Так, мотив гибели города в волнах потопа пронизывает творчество обэриутов. Посмотрим, как по-разному трактуется эта тема у провинциала-утописта Заболоцкого, у тайного неоклассика Хармса и у анархиста Введенского. У первого море (с кораблями-пивными и сиренами-проститутками) — это живая городская жизнь, с такой гениальной ненавистью изображенная в «Столбцах». В то же время Заболоцкий обращается к мифу об Атлантиде (с прямой ссылкой на текст Платона):
Море! Море! Морда гроба!
Вечный гибели закон!
Где легла твоя утроба,
Умер город Посейдон.
Море — живой, полный движения эмпирический город, и оно же — морда гроба, враг, губящий идеальный умозрительный Город. Город этот — едва ли Петербург, но сама модель, естественно, вытекает из векового петербургского дискурса. Напротив, у Введенского море — единственная живая реальность, противостоящая ложной иерархии, стихия свободы, где кругом, возможно, Бог; трагедия в том, что и море ничего не значит, и море тоже круглый нуль («Кончина моря», 1930). Наконец, Хармс («Комедия города Петербурга», 1927) прямо отождествляет революцию 1917 года с потопом. В то же время в одном из писем Хармса к К. Пугачевой (от 5 октября 1933 года) можно встретить такое вполне традиционное, «мирискусническое» суждение: «Время театра, больших поэм и прекрасной архитектуры кончилось сто лет тому назад… Пока не созданы новые образцы в этих трех искусствах, лучшими остаются старые пути». Старая архитектура — это в данном случае скорее всего архитектура старого Петербурга («сто лет» — ровно столько отделяет Хармса от конца «классической эпохи»). Таким образом, все три автора — при очевидном различии их мировосприятия — остаются, на первый взгляд, в рамках сложившейся в XIX — начале XX века модели.

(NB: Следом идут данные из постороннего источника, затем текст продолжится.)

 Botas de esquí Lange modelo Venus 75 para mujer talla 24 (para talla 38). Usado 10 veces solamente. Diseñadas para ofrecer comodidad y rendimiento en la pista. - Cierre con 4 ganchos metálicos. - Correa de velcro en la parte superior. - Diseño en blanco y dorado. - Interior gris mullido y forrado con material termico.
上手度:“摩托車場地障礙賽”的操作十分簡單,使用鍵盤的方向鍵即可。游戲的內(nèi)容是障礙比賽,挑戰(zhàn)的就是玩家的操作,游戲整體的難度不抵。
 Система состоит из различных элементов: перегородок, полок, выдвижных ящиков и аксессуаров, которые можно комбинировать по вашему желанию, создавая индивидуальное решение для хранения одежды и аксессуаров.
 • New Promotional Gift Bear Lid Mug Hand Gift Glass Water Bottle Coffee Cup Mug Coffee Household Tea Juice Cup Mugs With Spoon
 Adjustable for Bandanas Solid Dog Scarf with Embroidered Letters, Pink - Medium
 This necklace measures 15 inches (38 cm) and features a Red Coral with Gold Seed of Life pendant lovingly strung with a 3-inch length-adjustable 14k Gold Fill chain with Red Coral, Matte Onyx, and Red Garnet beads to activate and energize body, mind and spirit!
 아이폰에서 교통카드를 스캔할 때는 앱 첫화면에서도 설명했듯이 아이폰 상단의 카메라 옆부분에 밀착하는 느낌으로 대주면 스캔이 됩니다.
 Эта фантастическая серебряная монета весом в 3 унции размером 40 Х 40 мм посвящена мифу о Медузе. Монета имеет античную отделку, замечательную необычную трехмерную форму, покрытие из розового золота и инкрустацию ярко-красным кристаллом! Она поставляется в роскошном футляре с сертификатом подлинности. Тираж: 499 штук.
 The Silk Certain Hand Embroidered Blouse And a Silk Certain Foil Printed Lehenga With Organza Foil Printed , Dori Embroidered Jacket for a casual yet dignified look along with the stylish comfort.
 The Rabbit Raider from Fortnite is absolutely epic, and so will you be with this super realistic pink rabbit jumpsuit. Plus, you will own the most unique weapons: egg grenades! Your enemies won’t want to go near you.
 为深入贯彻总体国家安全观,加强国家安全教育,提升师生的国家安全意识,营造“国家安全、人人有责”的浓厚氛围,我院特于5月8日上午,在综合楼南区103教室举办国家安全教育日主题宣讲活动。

Отличие от XIX века — в принципиально не(анти?)гуманистическом взгляде. Кажется, чинарей больше интересуют столкновения стихий и постижение Логоса, чем судьба Евгения и Акакия Акакиевича. В дегуманизированном мире их творчества маленький человек становится пренебрежимо малым.
Теперь посмотрим, что происходило в советскую эпоху в Москве. Город не знал ничего подобного блокаде, ленинский и сталинский террор также был несколько менее жестоким, чем в Ленинграде. Однако в результате реконструкции, осуществленной в 1930-е годы Кагановичем, старая Москва фактически перестала существовать. Город окончательно утратил все, имеющее отношение к «мещанскому уюту». Зато тот, кому «не чуждо все великое», может насладиться небоскребами и «дистанциями огромного размера». Однако, утратив присущий ей некогда дух «патриархальной семейственности», Москва не стала Городом-Домом. Скорее ее можно сравнить с Городом Бессмертных из рассказа Борхеса: абсолютная стилистическая какофония, вызывающая несочетаемость деталей, и при этом почти трогательная нефункциональность. Причем эти черты еще усилились в последние годы благодаря градостроительной деятельности Лужкова. Являясь центром государственности (тоталитарной или демократической), Москва так и не сумела приобрести «державного» пафоса. Церетелиевские зверушки в двух шагах от Кремлевской стены, стометровый Петр, торчащий из узенькой Москвы-реки, — не случайные уродства, а естественное выражение духа города.
Москва XX века в восприятии москвичей — не воплощение замкнутой, самодостаточной почвенности, а «главный город земли», «город-мир» [8] Разумеется, в условиях советской империи, когда «шестая часть земли» представляла собой мир в миниатюре, со своими домашними Западом и Востоком, эта модель была больше кстати. Но несоответствие нынешнему мировому положению России не мешает ей существовать поныне.
. Поэтому у таких разных писателей, как М. Булгаков и Д. Андреев, она оказывается местом действия всемирной мистерии. Хаос — естественное состояние Города-Мира, так же как порядок естественен для Идеального Города. Идеальный Город и Город-Мир (аукающийся с гоголевским Миргородом) существуют по ту сторону истории, являются (каждый по-своему) ее концентрированным выражением. Поэтому разные эпохи и стили обречены в них на сосуществование.
В восприятии же петербуржцев Москва XX века — символ азиатской деспотии, город-самозванец, чуждый миру, столицей которого он себя провозгласил. Западничество Петербурга-Ленинграда приобретает черты политической оппозиции.
В Кремле не надо жить. — Преображенец прав,
Там зверства древнего еще кишат микробы:
Бориса дикий страх и всех Иванов злобы,
И самозванца спесь взамен народных прав.